(Dataset items)
************

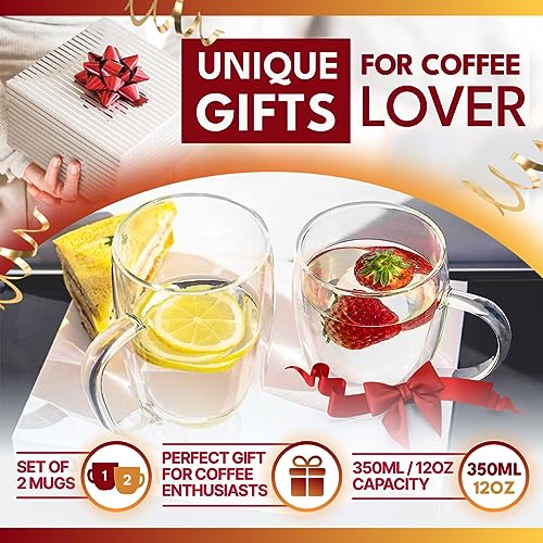 - UNIQUE GIFTS FOR COFFEE LOVER IN YOUR LIFE: 2 piece for 350ml / 12oz of amazing coffee, milk, espresso, latte, hot and cold, or just about any drink you can think of, these ultra light, clear double-wall mugs are the present you just can’t wait to give or keep for yourself!
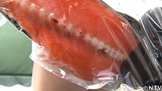 頂いたのは、さばいた後に出たニジマスの頭とアラ、死にそうに弱っていたイワナとヤマメ。
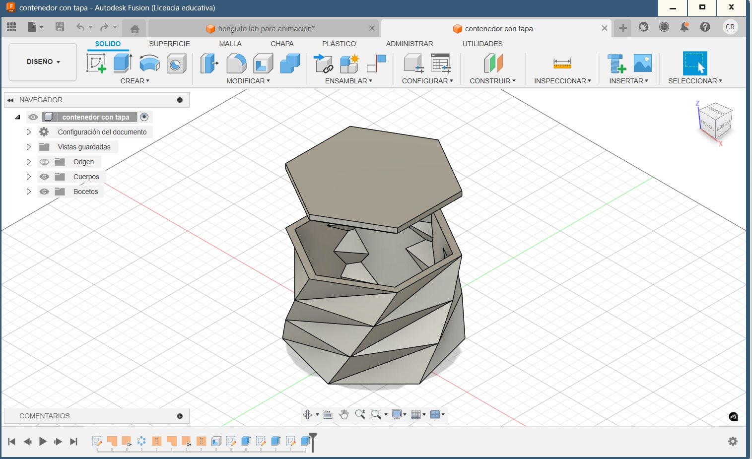 Probé un tutorial de una maceta facetada, en Fushion 360 entendí varias herramientas básicas.
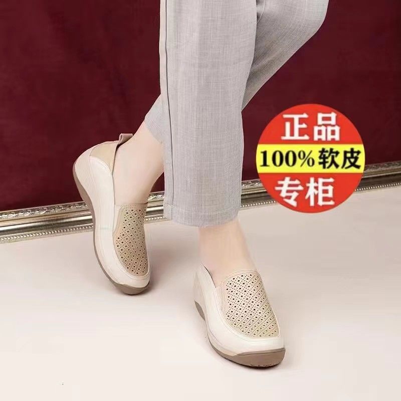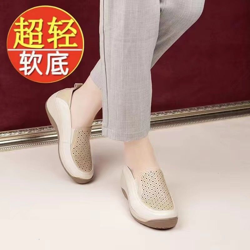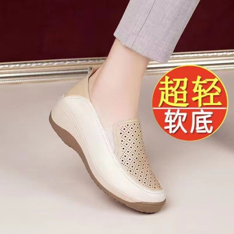 | nameOriginal | Spring 2024 New Real Soft Leather Hollow-out Women's Shoes Thick-soled Loafers Mother's Small Leather Shoes Wedge Shoes Cross-border |
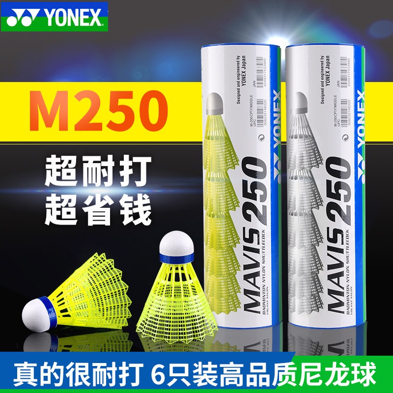 尤尼克斯YONEX羽毛球 尼龙球6只装 MAVIS250(M-250)训练用羽毛球室外娱乐用球超级耐打稳定抗风台产尼龙球,超级耐打训练娱乐 白色和黄色可选

************

• [PROBLEM DESCRIPTION] Each line from the one containing "Shoes Cross-border |" to the final line of the data must be printed exactly, both included, with nothing else and no pictures.

• [SOLVED EXERCISE]
 | nameOriginal | Spring 2024 New Real Soft Leather Hollow-out Women's Shoes Thick-soled Loafers Mother's Small Leather Shoes Wedge Shoes Cross-border |
 尤尼克斯YONEX羽毛球 尼龙球6只装 MAVIS250(M-250)训练用羽毛球室外娱乐用球超级耐打稳定抗风台产尼龙球,超级耐打训练娱乐 白色和黄色可选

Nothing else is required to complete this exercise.